### Exercise materials
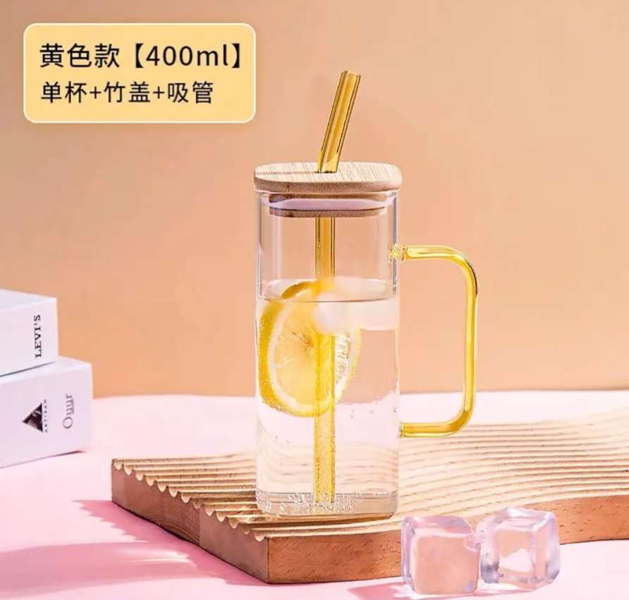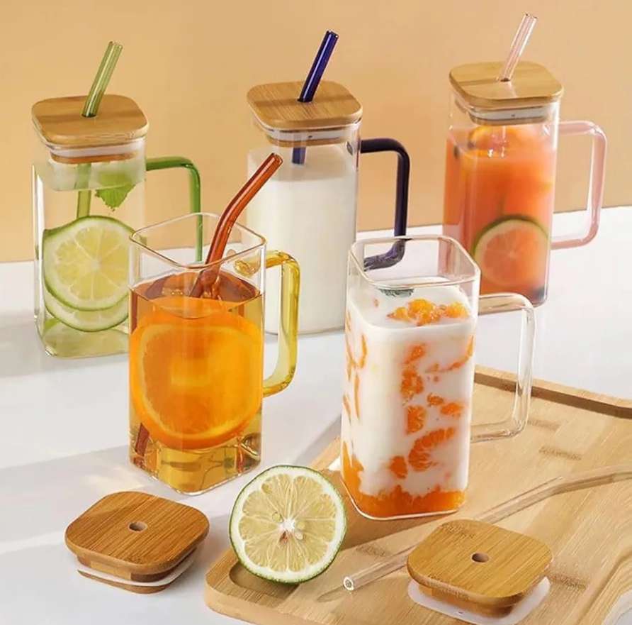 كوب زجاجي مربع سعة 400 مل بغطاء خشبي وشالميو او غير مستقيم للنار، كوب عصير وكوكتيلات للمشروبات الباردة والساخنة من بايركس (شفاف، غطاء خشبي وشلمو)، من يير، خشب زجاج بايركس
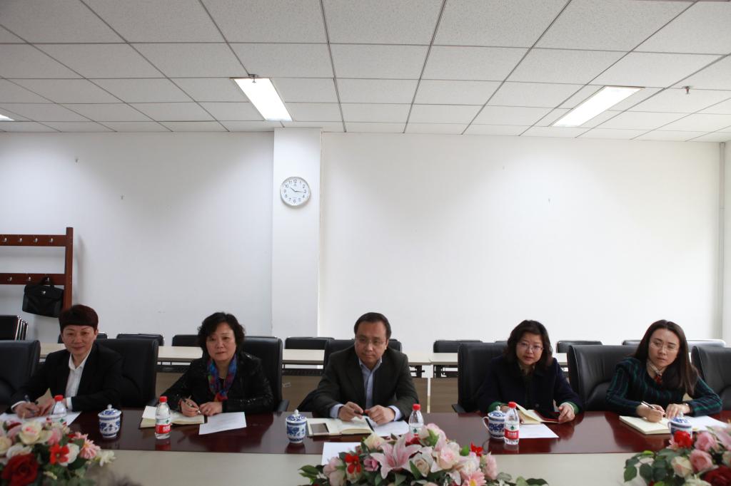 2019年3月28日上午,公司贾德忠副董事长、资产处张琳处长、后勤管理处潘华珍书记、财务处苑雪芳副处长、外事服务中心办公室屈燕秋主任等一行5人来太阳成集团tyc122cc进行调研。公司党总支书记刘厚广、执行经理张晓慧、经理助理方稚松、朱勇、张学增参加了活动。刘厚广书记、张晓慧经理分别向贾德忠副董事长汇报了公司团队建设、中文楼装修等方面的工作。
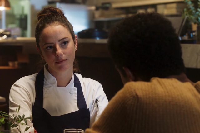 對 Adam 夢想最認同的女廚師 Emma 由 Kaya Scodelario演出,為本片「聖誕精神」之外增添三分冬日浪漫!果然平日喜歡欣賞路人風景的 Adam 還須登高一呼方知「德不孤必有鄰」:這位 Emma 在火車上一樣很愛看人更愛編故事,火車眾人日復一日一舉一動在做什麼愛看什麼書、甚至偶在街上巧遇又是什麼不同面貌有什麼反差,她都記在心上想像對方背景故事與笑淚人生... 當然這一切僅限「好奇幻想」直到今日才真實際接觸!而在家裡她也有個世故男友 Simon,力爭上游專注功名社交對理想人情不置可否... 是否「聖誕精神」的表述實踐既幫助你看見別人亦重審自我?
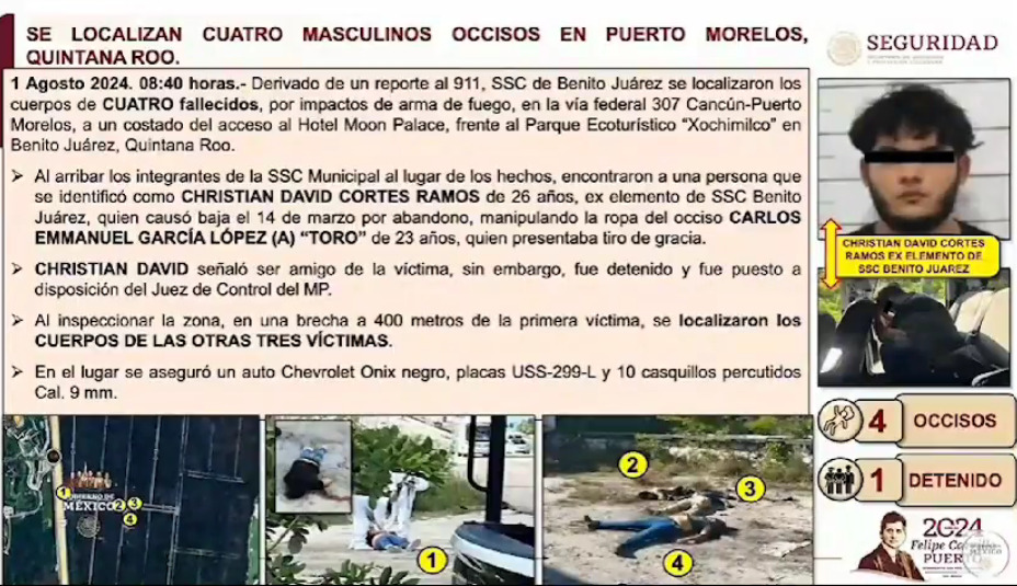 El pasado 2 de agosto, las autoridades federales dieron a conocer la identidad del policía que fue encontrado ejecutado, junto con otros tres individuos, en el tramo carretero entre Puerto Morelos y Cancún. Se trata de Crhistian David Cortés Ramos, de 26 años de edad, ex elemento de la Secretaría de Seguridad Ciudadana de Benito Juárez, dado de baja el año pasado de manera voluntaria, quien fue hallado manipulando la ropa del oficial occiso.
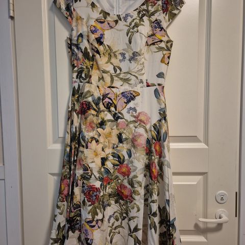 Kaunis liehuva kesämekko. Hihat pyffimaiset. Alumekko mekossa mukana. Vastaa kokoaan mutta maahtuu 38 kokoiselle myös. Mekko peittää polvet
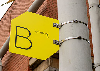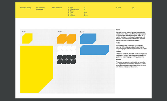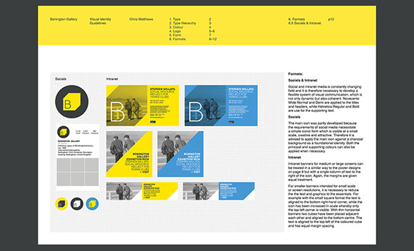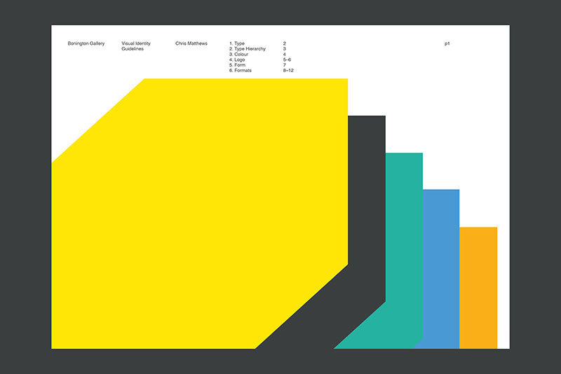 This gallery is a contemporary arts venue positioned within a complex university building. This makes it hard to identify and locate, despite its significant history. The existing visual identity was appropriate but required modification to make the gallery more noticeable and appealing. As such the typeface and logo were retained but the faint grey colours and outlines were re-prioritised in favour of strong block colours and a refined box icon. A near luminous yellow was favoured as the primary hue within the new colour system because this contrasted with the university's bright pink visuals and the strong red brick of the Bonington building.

### Work instructions
All entries must come back exactly as written, though without their pictures.

### Response to this exercise
 كوب زجاجي مربع سعة 400 مل بغطاء خشبي وشالميو او غير مستقيم للنار، كوب عصير وكوكتيلات للمشروبات الباردة والساخنة من بايركس (شفاف، غطاء خشبي وشلمو)، من يير، خشب زجاج بايركس
 2019年3月28日上午,公司贾德忠副董事长、资产处张琳处长、后勤管理处潘华珍书记、财务处苑雪芳副处长、外事服务中心办公室屈燕秋主任等一行5人来太阳成集团tyc122cc进行调研。公司党总支书记刘厚广、执行经理张晓慧、经理助理方稚松、朱勇、张学增参加了活动。刘厚广书记、张晓慧经理分别向贾德忠副董事长汇报了公司团队建设、中文楼装修等方面的工作。
 對 Adam 夢想最認同的女廚師 Emma 由 Kaya Scodelario演出,為本片「聖誕精神」之外增添三分冬日浪漫!果然平日喜歡欣賞路人風景的 Adam 還須登高一呼方知「德不孤必有鄰」:這位 Emma 在火車上一樣很愛看人更愛編故事,火車眾人日復一日一舉一動在做什麼愛看什麼書、甚至偶在街上巧遇又是什麼不同面貌有什麼反差,她都記在心上想像對方背景故事與笑淚人生... 當然這一切僅限「好奇幻想」直到今日才真實際接觸!而在家裡她也有個世故男友 Simon,力爭上游專注功名社交對理想人情不置可否... 是否「聖誕精神」的表述實踐既幫助你看見別人亦重審自我?
 El pasado 2 de agosto, las autoridades federales dieron a conocer la identidad del policía que fue encontrado ejecutado, junto con otros tres individuos, en el tramo carretero entre Puerto Morelos y Cancún. Se trata de Crhistian David Cortés Ramos, de 26 años de edad, ex elemento de la Secretaría de Seguridad Ciudadana de Benito Juárez, dado de baja el año pasado de manera voluntaria, quien fue hallado manipulando la ropa del oficial occiso.
 Kaunis liehuva kesämekko. Hihat pyffimaiset. Alumekko mekossa mukana. Vastaa kokoaan mutta maahtuu 38 kokoiselle myös. Mekko peittää polvet
 This gallery is a contemporary arts venue positioned within a complex university building. This makes it hard to identify and locate, despite its significant history. The existing visual identity was appropriate but required modification to make the gallery more noticeable and appealing. As such the typeface and logo were retained but the faint grey colours and outlines were re-prioritised in favour of strong block colours and a refined box icon. A near luminous yellow was favoured as the primary hue within the new colour system because this contrasted with the university's bright pink visuals and the strong red brick of the Bonington building.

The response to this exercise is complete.